Obama, The President Who Said He Had A ‘Pen And Phone,’ Warns Of Appeal Of Authoritarianism

REUTERS/Fabrizio Bensch

Former President Barack Obama warned against the temptation of “authoritarianism” in a Montreal speech Tuesday.

Despite the former president’s 275 executive orders and 644 presidential memoranda, Obama argued that the American public shouldn’t look for control and certainty in the world before reminding his listeners that history proves there is a better path.

“In periods like this, people looking for control and certainty — it’s inevitable,” Obama told the Canadian audience in a thinly-veiled warning about President Donald Trump. “But it is important to remember that the world has gone through similar moments … Our history also shows there is a better way.”

Obama then lectured on the need to ignore the “call for isolation and nationalism,” or anyone who “suggests rolling back the rights of others.”
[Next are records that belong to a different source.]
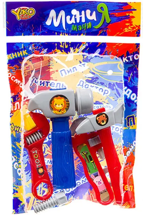 В составе набора: Молоток,топор, разводной ключ, слесарный ключ, болт, гайка. Все инструменты рабочие, не муляж.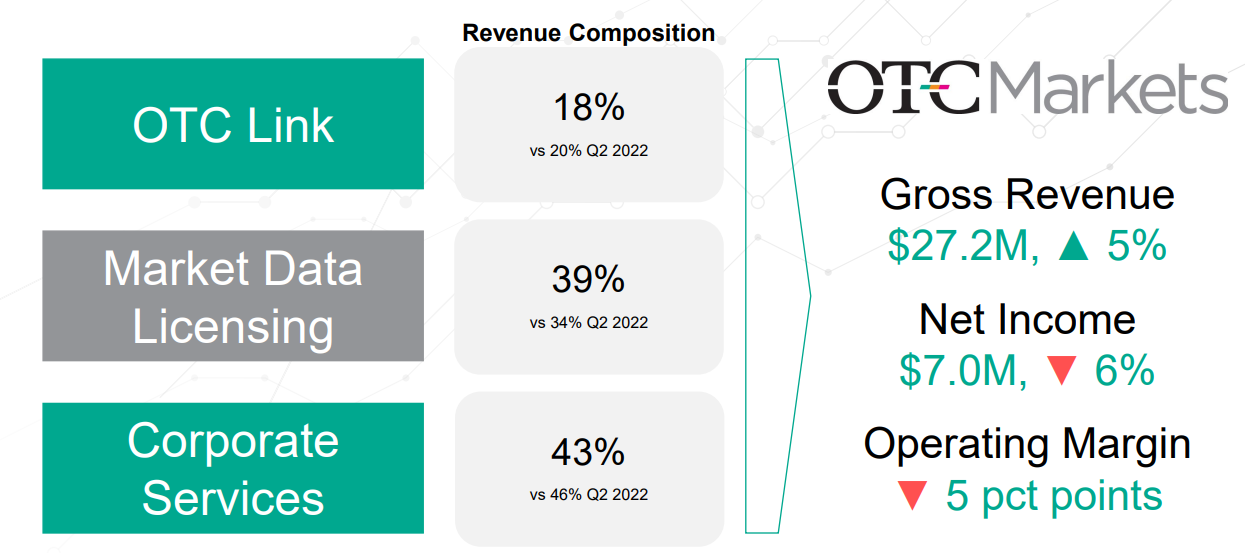 OTC Markets has been digesting a few acquisitions (BlueSky and Edgar Online) while at the same time the OTC Link and Corporate Services segments are managing a slowdown in trading volume. Overall, pricing is increasing which has helped offset some revenue declines which I believe are temporary as the trading volumes ebbs and flows with market enthusiasm.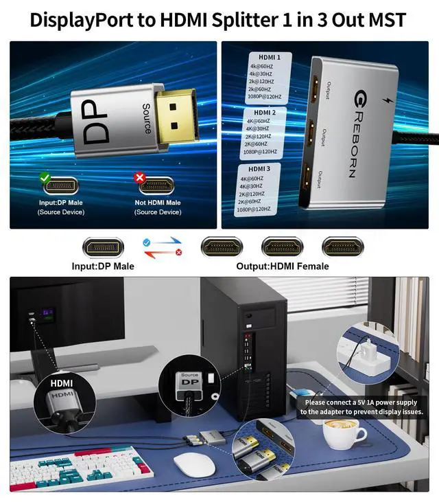 Plug and Play SolutionThe HDMI Splitter 1 in 3 out is super easy to use. It's plug-and-play, so no need to install drivers, saving you time. You can quickly expand to 1, 2, or 3 monitors. Here's how: Plug the DP connector into your signal source like a PC or graphics card. Then, connect the provided power cable to get 5V/1A current. Finally, use HDMI extension cables that support 4K@60Hz to link the 3 HDMI female connectors to your monitors. *Note: PCs with integrated GPUs usually only support mirroring mode or can only extend one monitor

Obama’s Tuesday comments differ from a 2014 statement he made while still in office when he pledged to circumvent the 435 representatives and 100 senators who were elected to office to pass laws.

“We’re not just going to be waiting for legislation,” Obama announced in January 2014. “I’ve got a pen and I’ve got a phone…and I can use that pen to sign executive orders and take executive actions and administrative actions.”


Then-president Obama signed a series of executive orders that greatly increased the government’s role in the day-to-day business of the American people afterward. One order mandated a higher “living wage” for anyone working with a government paid contractor and changed the export/import process for American-owned businesses.

The former president also authorized military action in Libya in 2011 and appointed several high-profile White House officials with no congressional oversight, according to Reason.